* _HOW TO COMPLETE THIS TASK_: Please give the entries again in full and exactly, without any picture.

(Recorded data)
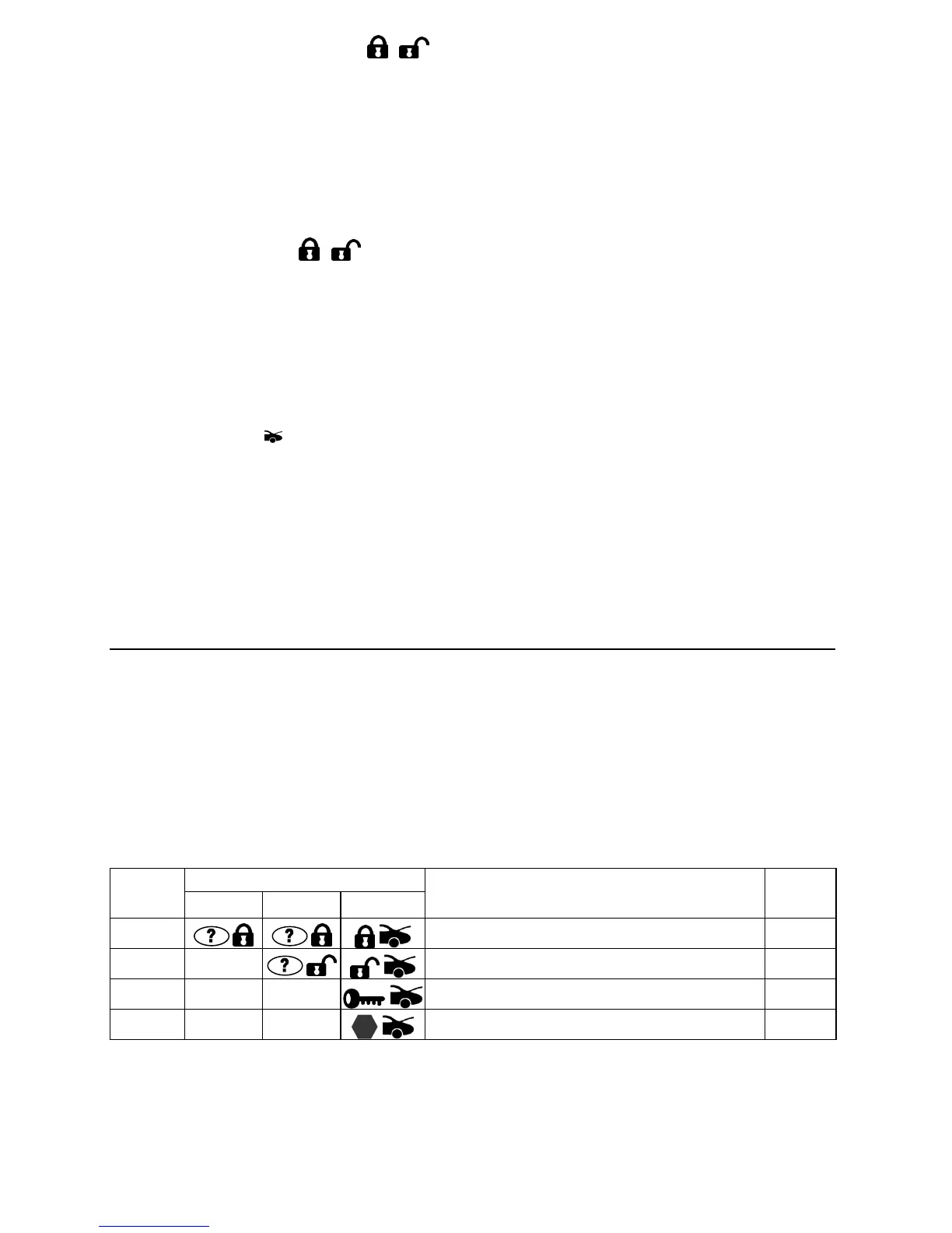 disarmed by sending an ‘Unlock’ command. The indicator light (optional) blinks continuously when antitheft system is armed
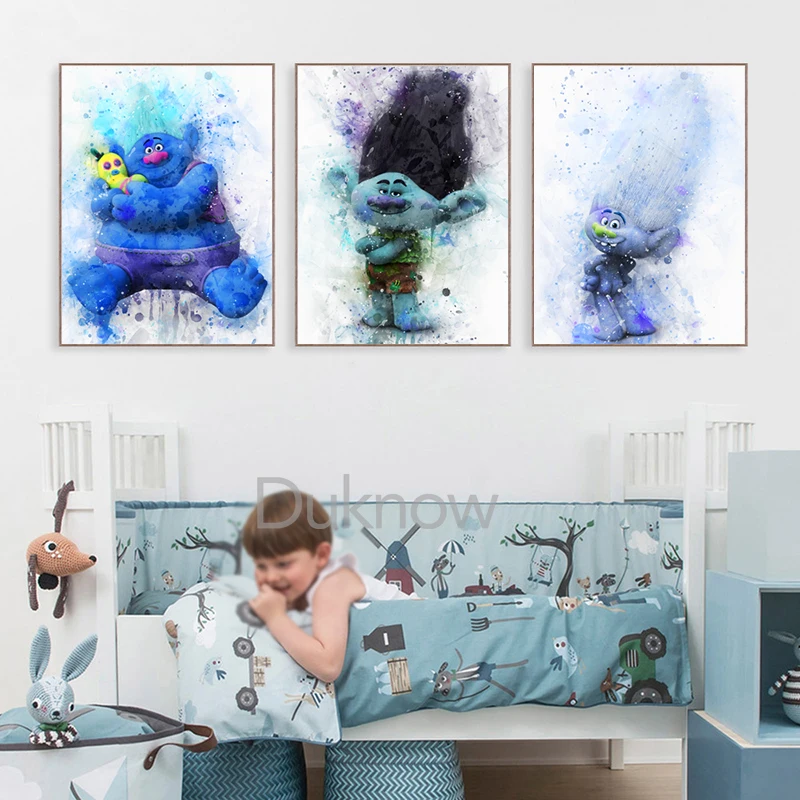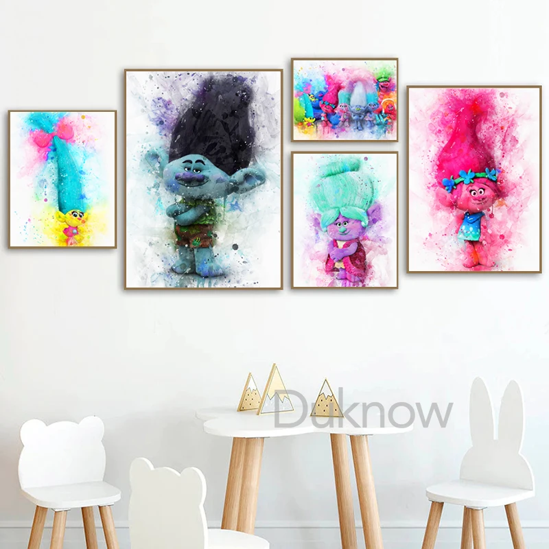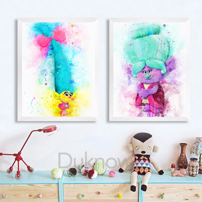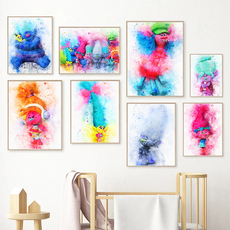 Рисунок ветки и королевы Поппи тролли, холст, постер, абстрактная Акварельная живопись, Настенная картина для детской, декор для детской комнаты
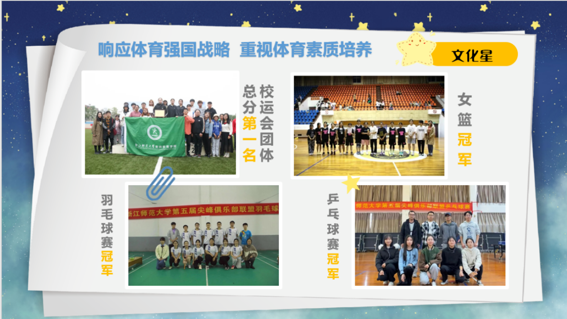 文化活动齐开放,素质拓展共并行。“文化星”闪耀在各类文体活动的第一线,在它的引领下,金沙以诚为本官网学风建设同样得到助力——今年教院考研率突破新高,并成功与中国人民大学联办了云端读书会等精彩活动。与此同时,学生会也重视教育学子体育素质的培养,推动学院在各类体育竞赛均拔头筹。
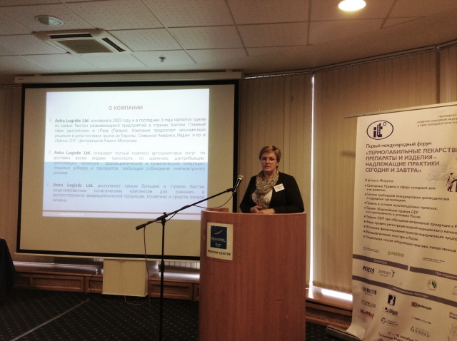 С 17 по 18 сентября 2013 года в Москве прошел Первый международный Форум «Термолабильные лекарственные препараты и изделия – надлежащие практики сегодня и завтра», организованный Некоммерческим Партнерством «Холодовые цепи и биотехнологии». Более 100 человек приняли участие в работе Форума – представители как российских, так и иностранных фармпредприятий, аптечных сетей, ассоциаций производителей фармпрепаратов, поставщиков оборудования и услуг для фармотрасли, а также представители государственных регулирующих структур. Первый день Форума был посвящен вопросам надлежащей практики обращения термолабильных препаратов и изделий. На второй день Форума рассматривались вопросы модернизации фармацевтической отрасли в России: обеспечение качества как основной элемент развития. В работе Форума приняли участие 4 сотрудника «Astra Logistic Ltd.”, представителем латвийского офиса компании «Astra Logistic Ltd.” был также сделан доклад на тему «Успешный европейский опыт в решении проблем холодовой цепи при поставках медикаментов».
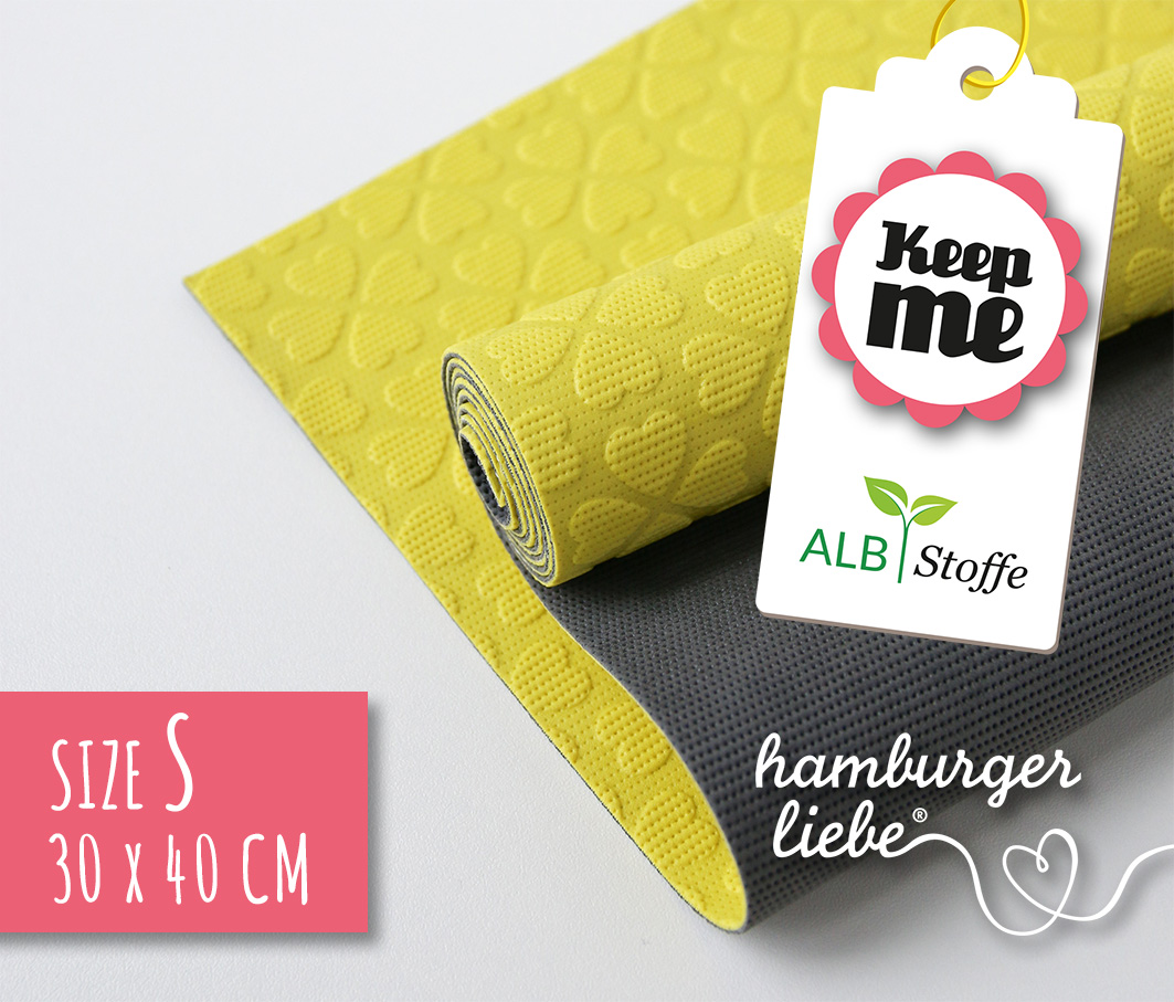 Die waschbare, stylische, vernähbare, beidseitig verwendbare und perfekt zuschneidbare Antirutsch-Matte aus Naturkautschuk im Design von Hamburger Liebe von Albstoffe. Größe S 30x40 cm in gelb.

* _RESULT OF THIS TASK_:
 disarmed by sending an ‘Unlock’ command. The indicator light (optional) blinks continuously when antitheft system is armed
 Рисунок ветки и королевы Поппи тролли, холст, постер, абстрактная Акварельная живопись, Настенная картина для детской, декор для детской комнаты
 文化活动齐开放,素质拓展共并行。“文化星”闪耀在各类文体活动的第一线,在它的引领下,金沙以诚为本官网学风建设同样得到助力——今年教院考研率突破新高,并成功与中国人民大学联办了云端读书会等精彩活动。与此同时,学生会也重视教育学子体育素质的培养,推动学院在各类体育竞赛均拔头筹。
 С 17 по 18 сентября 2013 года в Москве прошел Первый международный Форум «Термолабильные лекарственные препараты и изделия – надлежащие практики сегодня и завтра», организованный Некоммерческим Партнерством «Холодовые цепи и биотехнологии». Более 100 человек приняли участие в работе Форума – представители как российских, так и иностранных фармпредприятий, аптечных сетей, ассоциаций производителей фармпрепаратов, поставщиков оборудования и услуг для фармотрасли, а также представители государственных регулирующих структур. Первый день Форума был посвящен вопросам надлежащей практики обращения термолабильных препаратов и изделий. На второй день Форума рассматривались вопросы модернизации фармацевтической отрасли в России: обеспечение качества как основной элемент развития. В работе Форума приняли участие 4 сотрудника «Astra Logistic Ltd.”, представителем латвийского офиса компании «Astra Logistic Ltd.” был также сделан доклад на тему «Успешный европейский опыт в решении проблем холодовой цепи при поставках медикаментов».
 Die waschbare, stylische, vernähbare, beidseitig verwendbare und perfekt zuschneidbare Antirutsch-Matte aus Naturkautschuk im Design von Hamburger Liebe von Albstoffe. Größe S 30x40 cm in gelb.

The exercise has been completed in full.